A missile launch pad along the western coast of North Korea as well as a nuclear test site in Punggye-ri are being refurbished for use again.
Satellite photos of North Korea's missile launch pad in Tongchang-ri taken on Dec. 7, when the North announced it had conducted a "very important test," were virtually identical to one taken in July 2018, before promised dismantlement began.
During his summit with U.S. President Donald Trump in Singapore in June of last year, North Korean leader Kim Jong-un pledged to shut down the test site and actually dismantled a mobile structure and a testing facility nearby.
But the North began rebuilding the facility after a second summit with Trump in February this year collapsed, and the facility is now ready for use.
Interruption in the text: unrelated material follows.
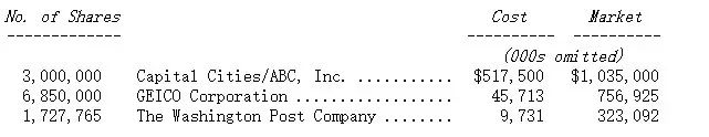 在1987年巴菲特致股东信中,巴菲特在“流通证券—永久持股”一节中说,他和芒格视这3家永久持有的企业与那些被私有化的企业无异,他还花了大量地篇幅讲述“市场先生”的概念。

Nick Hansen, a military expert at Stanford University, told VOA that North Korea probably stored the parts in order to reassemble them later.
The website 38 North at Johns Hopkins University, meanwhile, said satellite images show the "presence of vehicle tracks in the snow cover" at the Punggye-ri nuclear test facility, which North Korea dramatically blew up in May 2018.
A satellite photo of the facility taken on Nov. 18 shows no vehicles or personnel. But another picture from last week shows vehicle tracks and human footprints in the snow that lead to a "small assembly area."
"The precise nature of this latest activity is unclear, but does suggest, at the very least, that personnel remain onsite at the complex," it said.